Some builds ago there was a great change in OpenSolaris regarding ZFS. It was not a change in the ZFS itself because the change was the adition of a new scheduling class (but with great impact on ZFS).

OpenSolaris had six scheduling classes until then:
- Timeshare (TS);
This is the classical. Each process (thread) has an amount of time to use the processor resources, and that “amount of time” is based on priorities. This scheduling class works changing the process priority.
- Interactive (IA);
This is something interesting in OpenSolaris, because it is designed to give a better response time to the desktop user. Because the windown that is active has a priority boosts from the OS.
- Fair Share (FSS);
Here there is a division of the processor (fair? ;-) in units, so the administrator can allocate the processor resourcers in a controlled way. I have a screencast series about Solaris/OpenSolaris features so you can see a live demonstration about resource management and this FSS scheduling class. Take a look at the containers series…
- Fixed Priority (FX);
As the name suggests, the OS does not change the priority of the thread, so the time quantum of the thread is always the same.
- Real Time (RT);
This is intended to guarantee a good response time (latency). So, is like a special queue on the bank (if you have special necessities, a pregnant lady, elder, or have many, many dollars). Actually this kind of person do not go to bank.. hmmm bad example, anyway…
- System (SYS);
For the bank owner. ;-)
Hilarious, because here was the problem with ZFS! Actually, the SYS was not prepared for ZFS’s transaction group sync processing.

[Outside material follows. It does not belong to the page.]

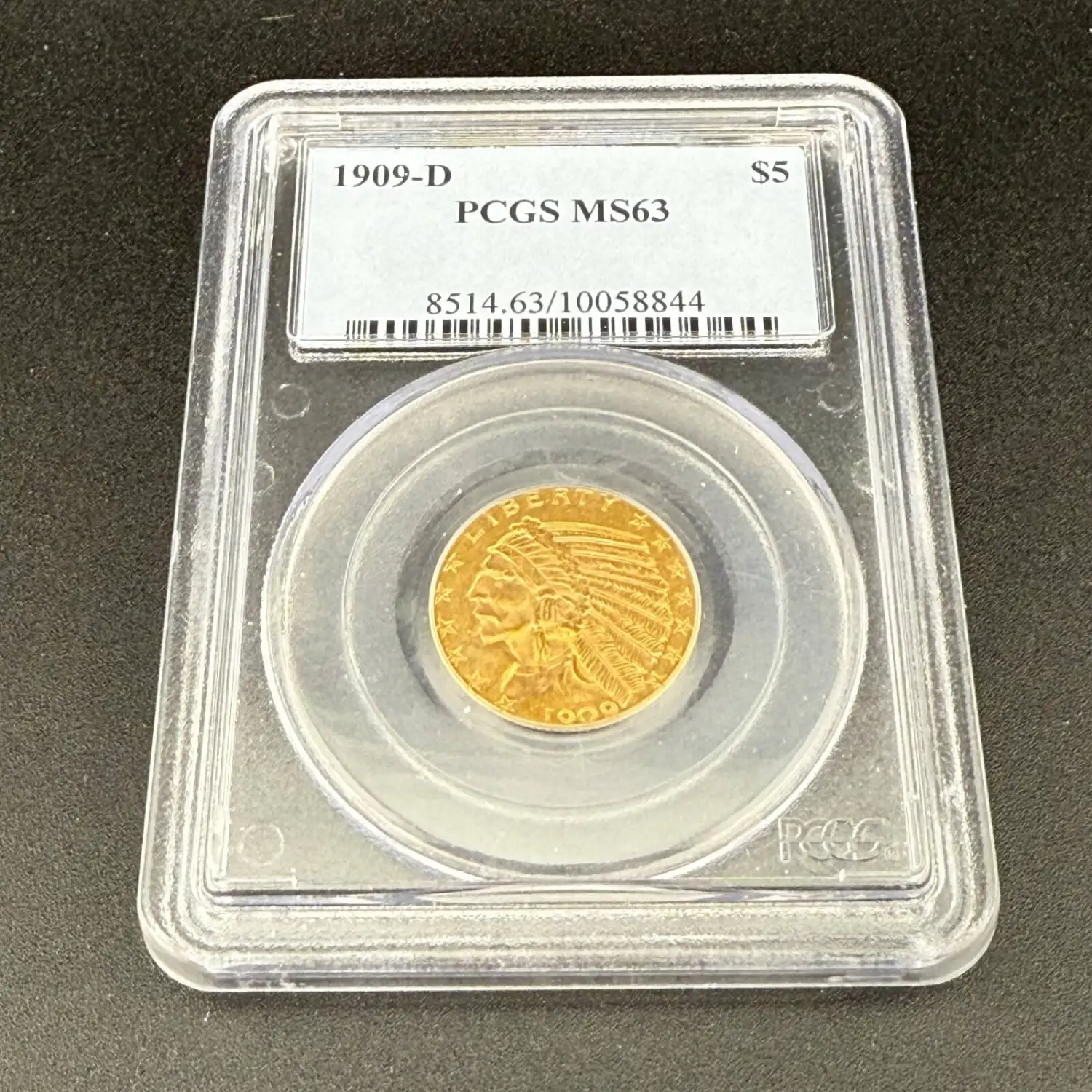 Introducing the captivating 1909 D $5 Indian Head Gold Coin, a stunning numismatic treasure from the United States. This exquisite PCGS MS-63 coin is a testament to the country's rich history and the artistry of its coinmakers.

There were many problems with the behaviour of ZFS IO/Scheduler:

6471212 need reserved I/O scheduler slots to improve I/O latency of critical ops
6494473 ZFS needs a way to slow down resilvering
6721168 slog latency impacted by I/O scheduler during spa_sync
6586537 async zio taskqs can block out userland commands
ps.: I would add to this list the scrub process too…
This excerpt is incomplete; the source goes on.